Со стороны кожи и подкожной клетчатки: очень часто – высыпания (включая угревидный дерматит), зуд, сухость кожи.

Общие расстройства: очень часто – утомляемость.

Следующие критерии используются для определения частоты побочных реакций: очень часто (≥1/10); часто (≥1/100, < 1/10); нечасто (≥1/1000, < 1/100); редко (≥1/10000, < 1/1000); очень редко (< 1/10000), в том числе отдельные сообщения.

В каждой группе побочные реакции указаны в порядке уменьшения проявлений.

Инфекции и инвазии: очень часто – тяжелые инфекции (с или без нейтропении, пневмония, сепсис, воспаление подкожной клетчатки).

Со стороны обмена веществ, метаболизма: очень часто-снижение массы тела.

Психические расстройства: очень часто – депрессия.

Со стороны нервной системы: очень часто-головная боль, нейропатия.

Со стороны органов дыхания, грудной клетки и средостения: очень часто-кашель.

Со стороны ЖКТ: очень часто – диарея (может привести к дегидратации, гипокалиемии, почечной недостаточности), стоматит, диспепсия, метеоризм.

Со стороны кожи и подкожной клетчатки: очень часто-высыпания (включая угревидный дерматит), алопеция.

Общие расстройства: очень часто-утомляемость, озноб, горячка.

У пациентов, принимавших эрлотиниб в виде монотерапии, и у пациентов, принимавших препарат одновременно с химиотерапией, наблюдались нижеуказанные побочные реакции.

В каждой группе побочные реакции указаны в порядке уменьшения проявлений.

Со стороны органов зрения: часто-кератит (см. раздел "особенности применения"), конъюнктивит1; нечасто – изменения с бокувий, включая врастание ресниц, чрезмерный рост и утолщение ресниц; очень редко – перфорации роговицы, образование язв роговицы, увеит.

Со стороны органов дыхания, грудной клетки и средостения: часто-носовые кровотечения; серьезное интерстициальное заболевание легких( изл), включая изл с летальными исходами у пациентов с немелкоклеточным раком легких или другими распространенными солидными опухолями, которые получали эрлотиниб (см. раздел «особенности применения»).

Со стороны ЖКТ: очень часто – диарея (в том числе летальные случаи (см. раздел «Особенности применения»)); часто – желудочно-кишечные кровотечения (некоторые из них были связаны с одновременным применением варфарина, а другие – с приемом нестероидных противовоспалительных средств, в том числе отдельные случаи с летальным исходом (см. разделы «Взаимодействие с другими лекарственными средствами и другие виды взаимодействий» и «Особенности применения»)); нечасто –желудочно-кишечные перфорации, в том числе отдельные случаи с летальным исходом (см. раздел «Особенности применения»).
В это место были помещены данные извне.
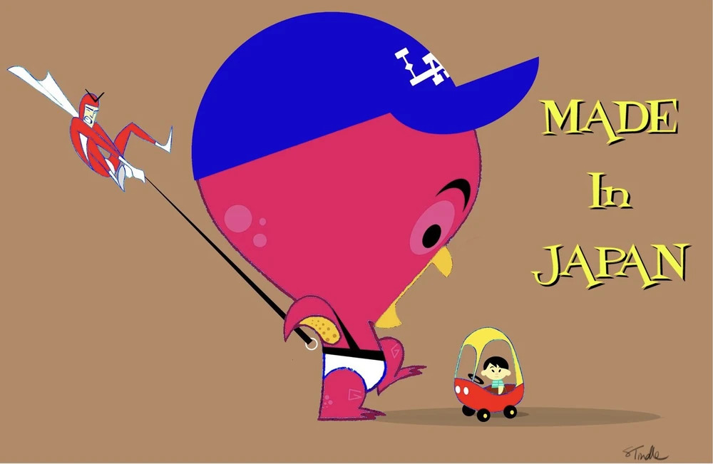 Made in Japan contaria a história de um super-herói criando um bebê monstro. Tindle criou sua arte conceitual para apresentar o projeto ao Cartoon Network. Porém, a produção do canal pago não aprovou.
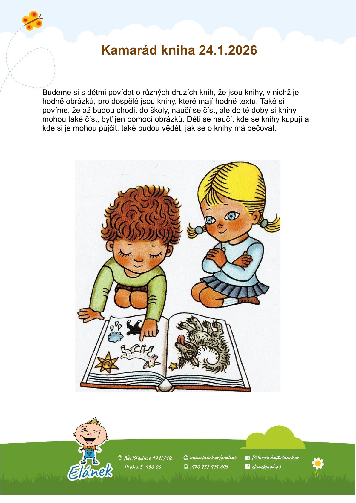 Budeme si s dětmi povídat o různých druzích knih, že jsou knihy, v nichž je hodně obrázků, pro dospělé jsou knihy, které mají hodně textu. Také si povíme, že až budou chodit do školy, naučí se číst, ale do té doby si knihy mohou také číst, byť jen pomocí obrázků. Děti se naučí, kde se knihy kupují a kde si je mohou půjčit, také budou vědět, jak se o knihy má pečovat.
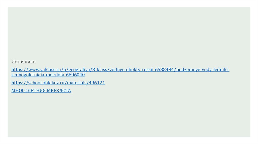 Источникиhttps://www.yaklass.ru/p/geografiya/8-klass/vodnye-obekty-rossii-6588484/podzemnye-vody-lednikii-mnogoletniaia-merzlota-6606040
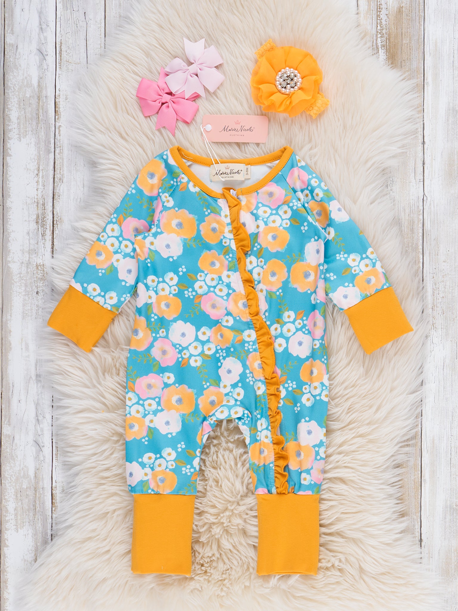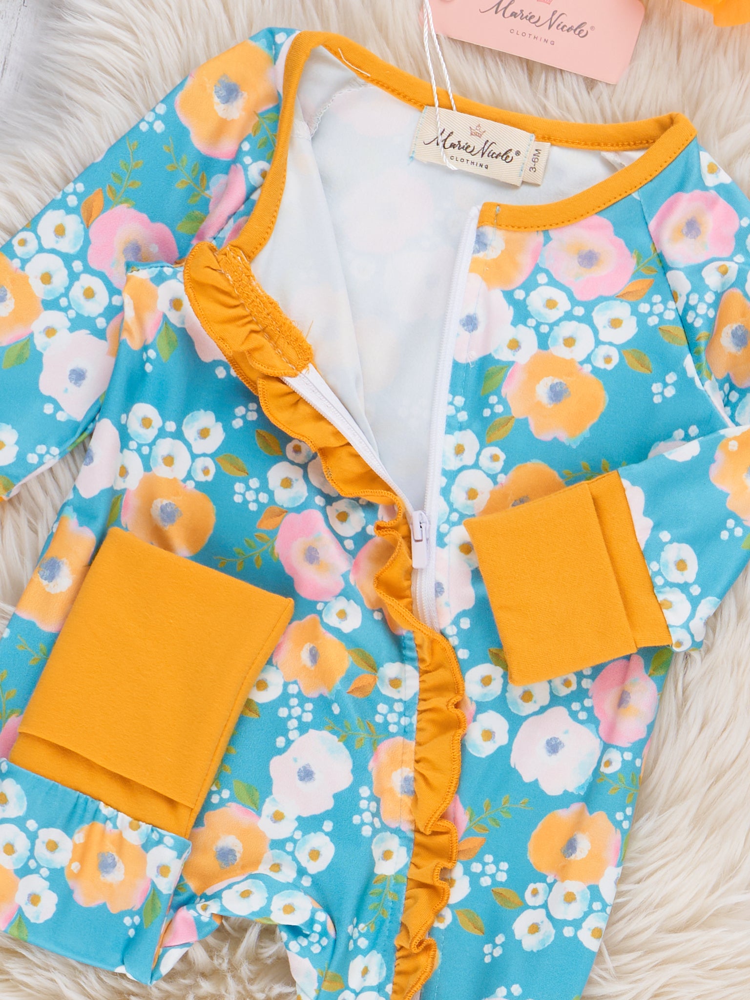 The Sunshine & Daisies Sleeper Pajamas by Marie Nicole feature a playful floral print accented by contrast cuffs and neckline, with a sweet ruffle detail cascading along the snap-up front. The long sleeves and cozy fit make this pajama perfect for comfortable nights and cheerful mornings
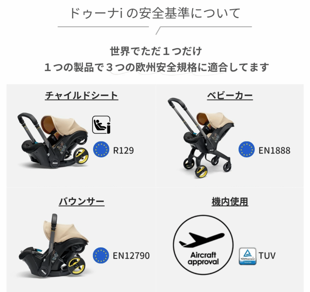 航空機内での使用もできる「doona(ドゥーナ)」は、ベビーカー、チャイルドシート、ゆりかごのスリーウェイすべてで、世界最高レベルのEU及び米国の安全基準をクリアしています。
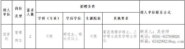 2016福建農(nóng)林大學(xué)國(guó)有資產(chǎn)管理處招聘人事代理人員2名公告【招2人】
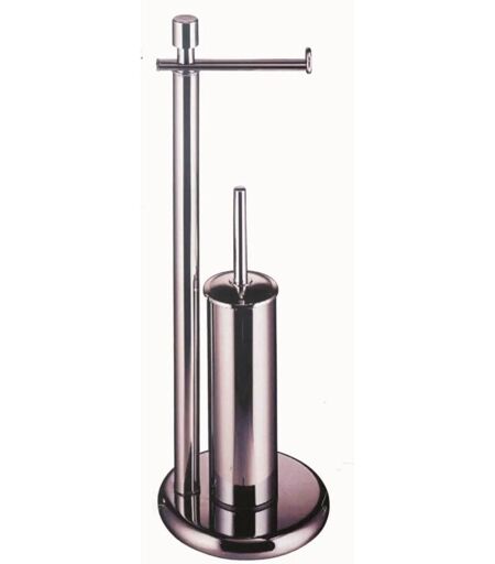 LGVSHOPPING Piantana Bagno con Porta Rotolo e Porta Scopino in Acciaio Cromato H59 x L20 cm
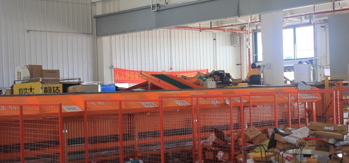 圖為維楚云倉(cāng)貨物自動(dòng)分揀傳輸帶

Со стороны печени и желчевыводящих путей: очень часто – нарушение функции печени (включая повышение аланинаминотрансферазы (АЛТ), аспартатаминотрансферазы (АСТ), билирубина), в основном были легкой или умеренной степени тяжести, транзиторными по характеру или связанные с метастазами в печень; редко – печеночная недостаточность (в том числе летальные случаи). Осложняющими факторами были фоновые болезни печени или одновременное применение гепатотоксических лекарственных средств (см. раздел «особенности применения»).

Со стороны кожи и подкожной клетчатки: часто – алопеция, сухость шкіри1, паронихия, фолликулит, акне/вугреподібний дерматит, трещины кожи; нечасто – гирсутизм, изменения со стороны бровей, ломкость и потеря ногтей, реакции со стороны кожи легкой степени тяжести, такие как гиперпигментация; редко –синдром ладонно-подошвенной еритродизестезії; очень редко –синдром Стивенса-Джонсона/токсический эпидермальный некролиз(в том числе летальные случаи (см. раздел «Особенности применения»)).

Со стороны почек и мочевыводящих путей: часто-почечная недостаточность1, нечасто – нефрит1, протеинурия1.

1 в клиническом исследовании PA. 3.

Срок годности.

2 года.

Условия хранения.

Хранить при температуре не выше 30 ° С в оригинальной упаковке.

Хранить в недоступном для детей месте.

Упаковка.

По 15 таблеток в блистере. По2 блистера в картонной упаковке.

Категория отпуска.

По рецепту.

Производитель.

Нобел Илач Санаи ве Тиджарет А. Ш.

Местонахождение производителя и адрес места осуществления его деятельности.

Квартал Санкаклар, пр. Эски Акчакоджа, №299, 81100 м. Дюздже, Турция.